▸ TASK INSTRUCTIONS: From the records below, print only the part that opens with the line containing "Джинсове сукню багатогранно" and closes with the line containing "During an appearance"; omit the pictures.

▸ THE INPUT:
---------------
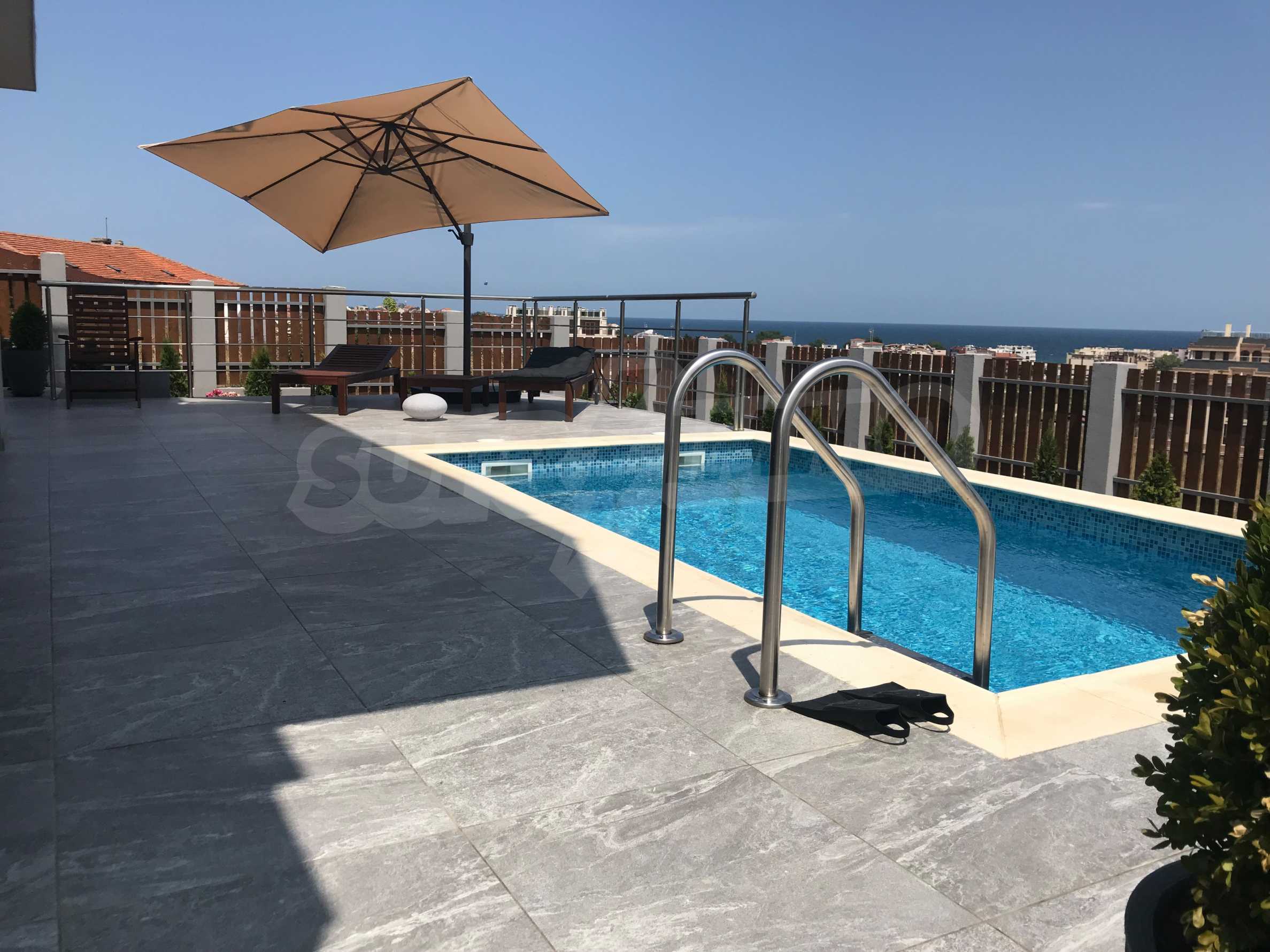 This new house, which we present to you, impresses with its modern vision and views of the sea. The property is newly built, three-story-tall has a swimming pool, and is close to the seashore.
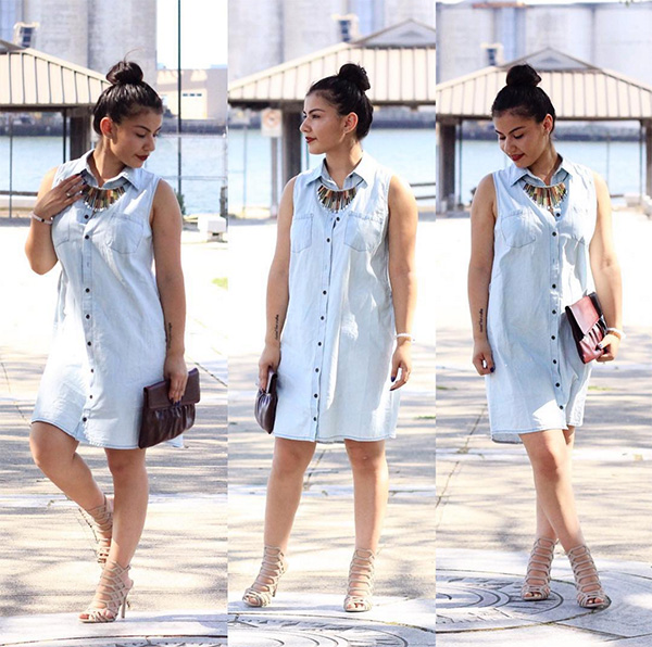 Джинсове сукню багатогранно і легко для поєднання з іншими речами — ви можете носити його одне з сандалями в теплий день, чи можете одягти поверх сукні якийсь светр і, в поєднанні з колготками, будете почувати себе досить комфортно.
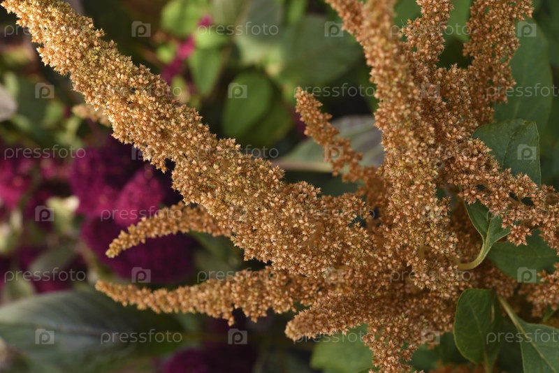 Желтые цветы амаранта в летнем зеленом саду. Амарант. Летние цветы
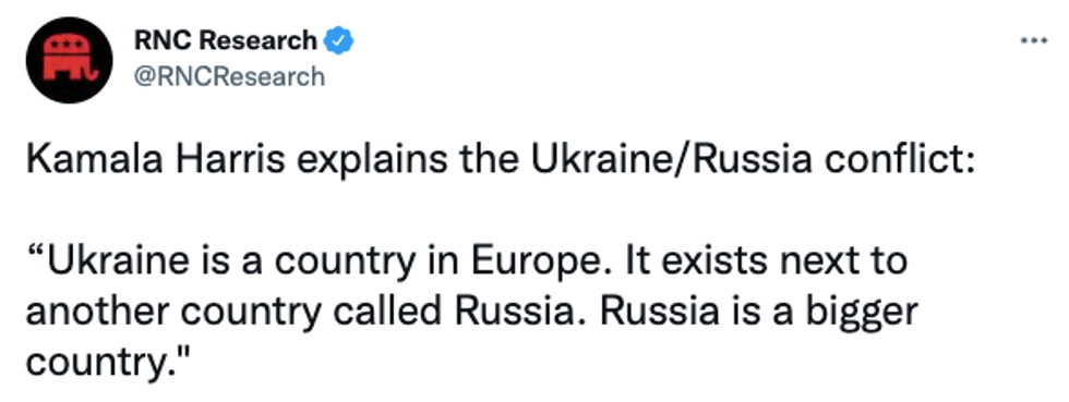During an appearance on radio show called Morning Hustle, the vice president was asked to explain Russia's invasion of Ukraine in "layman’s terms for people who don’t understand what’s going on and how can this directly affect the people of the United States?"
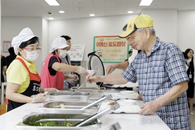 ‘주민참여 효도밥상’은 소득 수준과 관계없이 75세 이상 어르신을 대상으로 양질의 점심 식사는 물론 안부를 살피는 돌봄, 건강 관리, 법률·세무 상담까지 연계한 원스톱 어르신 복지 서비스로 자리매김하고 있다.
---------------
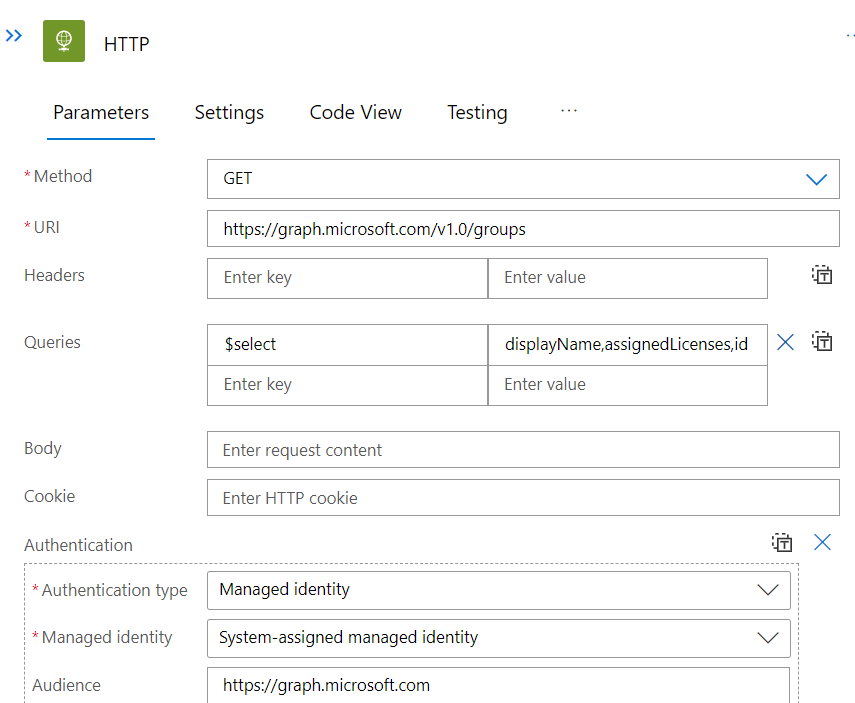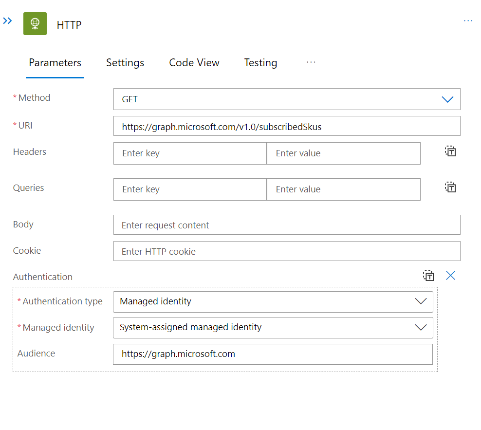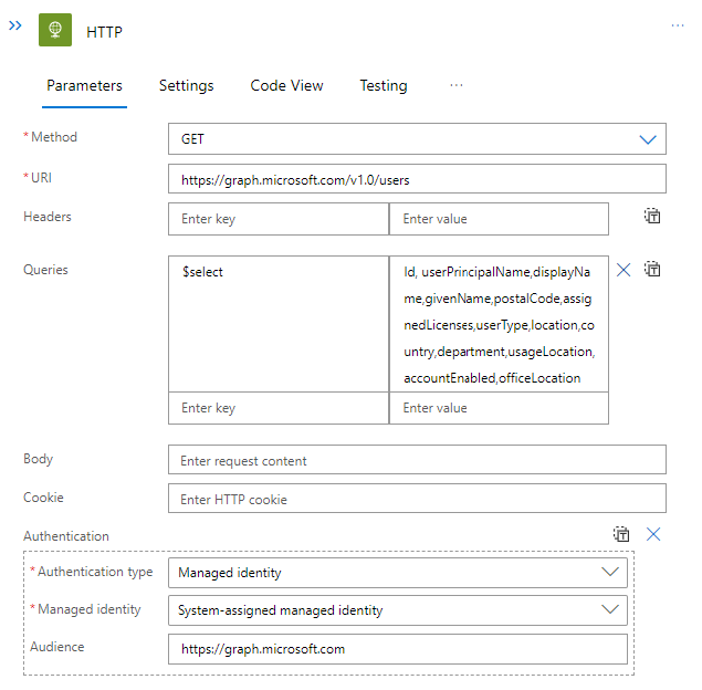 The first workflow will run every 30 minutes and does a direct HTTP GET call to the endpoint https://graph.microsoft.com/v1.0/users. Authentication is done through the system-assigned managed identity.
---------------
▸ RESPONSE FOR THIS EXERCISE:
 Джинсове сукню багатогранно і легко для поєднання з іншими речами — ви можете носити його одне з сандалями в теплий день, чи можете одягти поверх сукні якийсь светр і, в поєднанні з колготками, будете почувати себе досить комфортно.
 Желтые цветы амаранта в летнем зеленом саду. Амарант. Летние цветы
During an appearance on radio show called Morning Hustle, the vice president was asked to explain Russia's invasion of Ukraine in "layman’s terms for people who don’t understand what’s going on and how can this directly affect the people of the United States?"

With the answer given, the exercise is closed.